__PROBLEM DETAILS__. For every record, give an exact copy that has no pictures in it.

__Data records__.
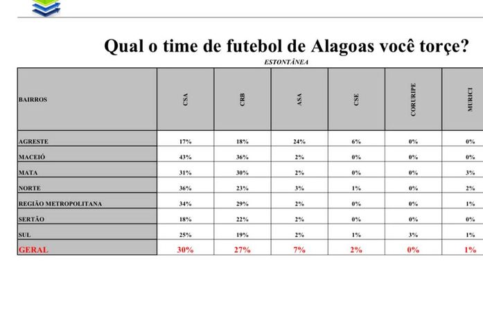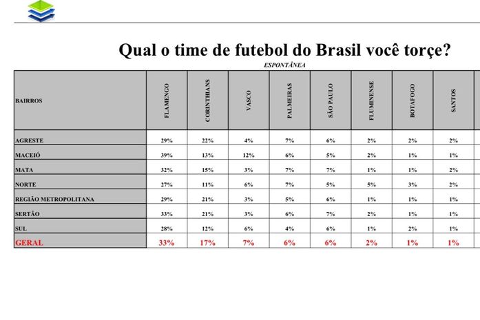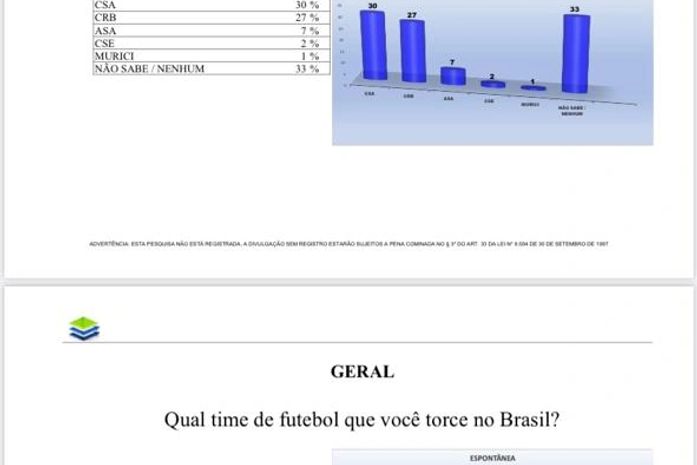 A pesquisa ainda questionou os alagoanos “Qual time de futebol você torce no Brasil?”. Com larga vantagem, o Flamengo com 33%, seguido por Corinthians com 17%, Vasco 7%, Palmeiras 6%, São Paulo 6%, Fluminense 2%, Botafogo, Santos e Grêmio, os três com 1% e 2% optaram por não sabem ou nenhum time.
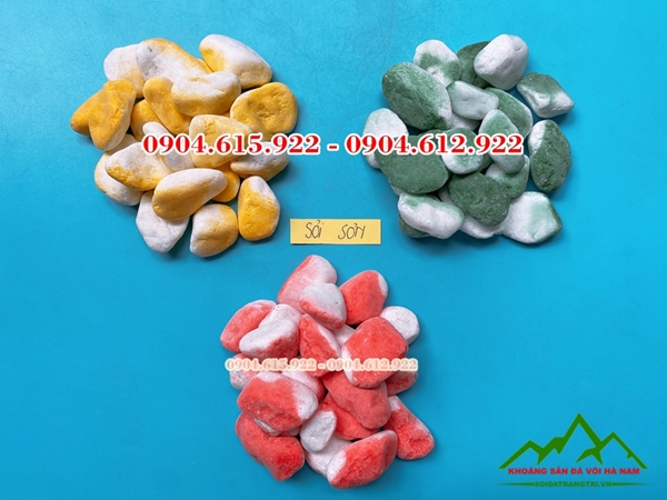 – Sỏi sơn (màu: xanh lá, hồng, vàng): 9-12mm, 1-2cm, 2-3cm
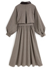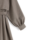 落ち着きのある配色のチェック柄を使用した、トラッドな雰囲気漂うワンピース。ケープのような身頃にウエストベルトをプラスし、トレンチ風に仕上げたこだわりの一着。
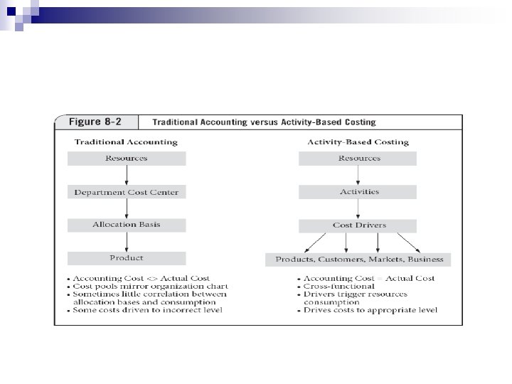 Activity-Based Costing ¨ ABC measures the cost and performance of activities, resources, and cost objects. Resources are assigned to activities, then activities are assigned to cost objects based on their use ¨ Traditional cost accounting is well suited to situations where an output and an allocation process are highly correlated. ¨ Traditional cost accounting is not very effective in situations where the output is not correlated with the allocation base.
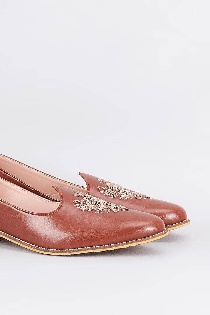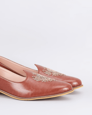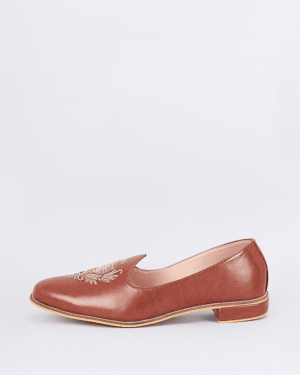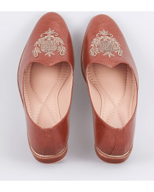 A pair of tan brown leather based slip on juttis enhanced with zari embroidered royal crest. It has a padded leather lining and a hard sheeted rubber sole.
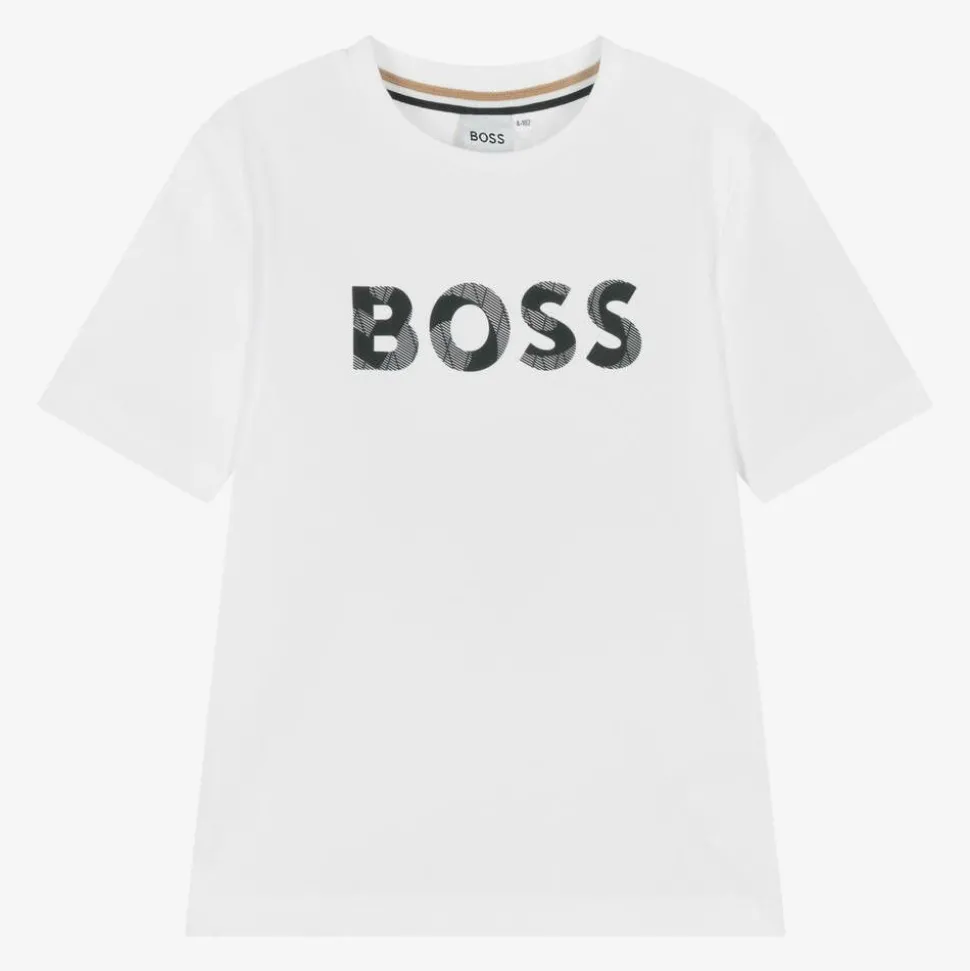 Cool white cotton crew neck T-shirt for boys by BOSS, made in soft jersey. This comfortable everyday wardrobe staple has short sleeves and a rubberised blue BOSS logo on the front.
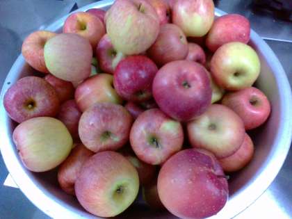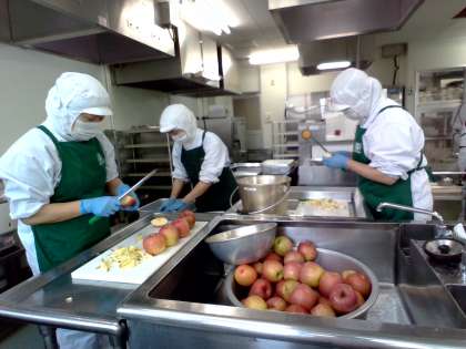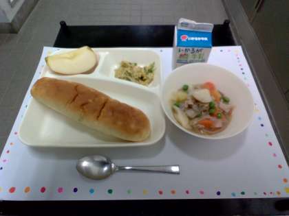 今日は「豚肉と野菜のスープ煮、カレーソテー、りんご、おさつパン、牛乳」でした。スープ煮は、豚肉を主材に、キャベツ、にんじん、じゃがいもなどたくさんの野菜などが入った具だくさんのスープ煮でした。それとささみを使ったカレーソテーは、ほんのりカレー風味で食べやすい味付けでした。今日は、デザートに季節のくだもののりんごが登場しました。長野県産のりんごでした。
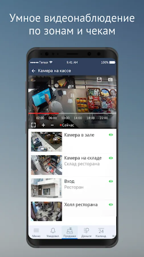 • Notifications - whether your points are opening / closing on time, about problems with cash registers, receipts for manual discounts and other questionable transactions with the attached video.
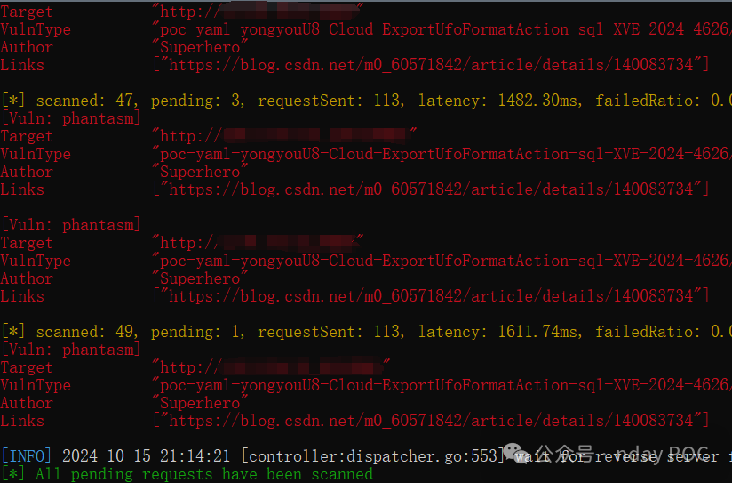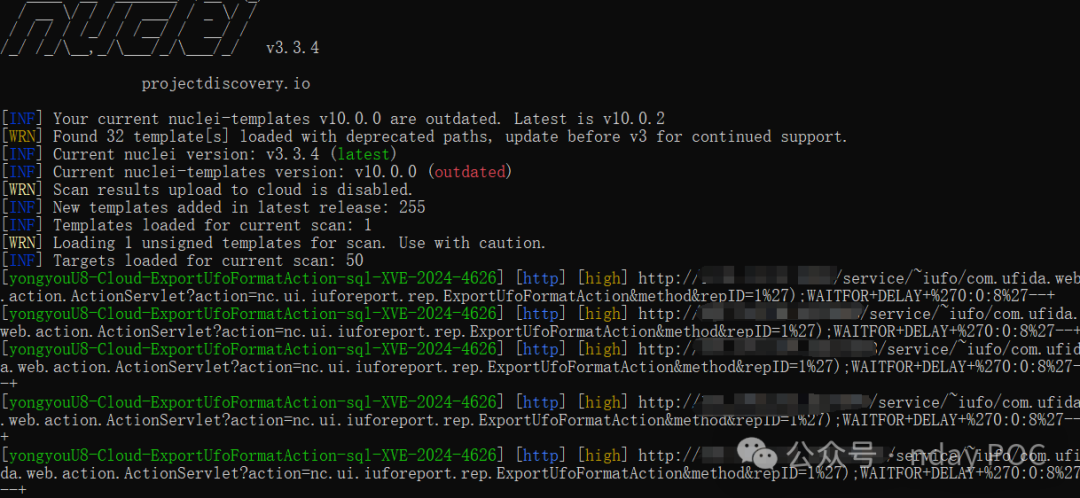 用友U8 Cloud ExportUfoFormatAction 接口处存在SQL注入漏洞,未经身份验证的远程攻击者除了可以利用 SQL 注入漏洞获取数据库中的信息(例如,管理员后台密码、站点的用户个人信息)之外,甚至在高权限的情况可向服务器中写入木马,进一步获取服务器系统权限。

__YOUR RESPONSE__.
 A pesquisa ainda questionou os alagoanos “Qual time de futebol você torce no Brasil?”. Com larga vantagem, o Flamengo com 33%, seguido por Corinthians com 17%, Vasco 7%, Palmeiras 6%, São Paulo 6%, Fluminense 2%, Botafogo, Santos e Grêmio, os três com 1% e 2% optaram por não sabem ou nenhum time.
 – Sỏi sơn (màu: xanh lá, hồng, vàng): 9-12mm, 1-2cm, 2-3cm
 落ち着きのある配色のチェック柄を使用した、トラッドな雰囲気漂うワンピース。ケープのような身頃にウエストベルトをプラスし、トレンチ風に仕上げたこだわりの一着。
 Activity-Based Costing ¨ ABC measures the cost and performance of activities, resources, and cost objects. Resources are assigned to activities, then activities are assigned to cost objects based on their use ¨ Traditional cost accounting is well suited to situations where an output and an allocation process are highly correlated. ¨ Traditional cost accounting is not very effective in situations where the output is not correlated with the allocation base.
 A pair of tan brown leather based slip on juttis enhanced with zari embroidered royal crest. It has a padded leather lining and a hard sheeted rubber sole.
 Cool white cotton crew neck T-shirt for boys by BOSS, made in soft jersey. This comfortable everyday wardrobe staple has short sleeves and a rubberised blue BOSS logo on the front.
 今日は「豚肉と野菜のスープ煮、カレーソテー、りんご、おさつパン、牛乳」でした。スープ煮は、豚肉を主材に、キャベツ、にんじん、じゃがいもなどたくさんの野菜などが入った具だくさんのスープ煮でした。それとささみを使ったカレーソテーは、ほんのりカレー風味で食べやすい味付けでした。今日は、デザートに季節のくだもののりんごが登場しました。長野県産のりんごでした。
 • Notifications - whether your points are opening / closing on time, about problems with cash registers, receipts for manual discounts and other questionable transactions with the attached video.
 用友U8 Cloud ExportUfoFormatAction 接口处存在SQL注入漏洞,未经身份验证的远程攻击者除了可以利用 SQL 注入漏洞获取数据库中的信息(例如,管理员后台密码、站点的用户个人信息)之外,甚至在高权限的情况可向服务器中写入木马,进一步获取服务器系统权限。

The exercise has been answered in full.